Summary: Amidst general consensus about the virtues of LiveView @garrison warned against nested Streams on the premise that Streams negate the declarative (later re-labelled to React-like) heart of LiveView which forced him to turn to imperative (later relabelled to jQuery-like) code to handle the intractible amount of boundary conditions required to accomodate cascading changes.
Context: For the purpose of this discussion let’s abstract LiveView as: a declarative mapping between structured server data and HTML where event handling is (by default) rigged to relay to server. When (in response to a relayed event or a change to an active subscription) a change in the data is detected the changed part of the data is sent to each affected client (session) which calculates the impact on the DOM (based on definitions extracted from the declarations) which are then passed onto pre-written JS code in each client to patch the DOM.
In that context, Streams in their native use-case are (often partial / paginated) lists of Ecto Schema structs for which LiveView (server-side) is able to determine how additions, deletions and changes to individual structs should impact the DOM.
Workload: For simple lists of structs sourced straight from an Ecto query with limits and offsets it is straight forward to determine the changes in order to send only the changes to the client. The workload on the server and clients are of complexity O(n) where n is the query window size rather than the total number of records on file.

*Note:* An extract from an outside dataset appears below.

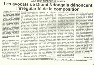 A LA CSJ LES AVOCATS DE DIOMI NDONGALA DENONCENT L’IRREGULARITE DE LA COMPOSITION / AFRICA NEWS 14.03.14

Enter the Dragon: When the underlying data changes from “a (section of a) long list of small, independent structs” to “a short list of very large (deeply nested and/or recursive) structs” the change detection and handling algorithms are bound to see a change to any descendent structure as a change to the parent, and as such most of the root structures in the stream appear to have changed requiring them to be sent down to processing to be dealt with. That’s (clearly) not a desirable outcome.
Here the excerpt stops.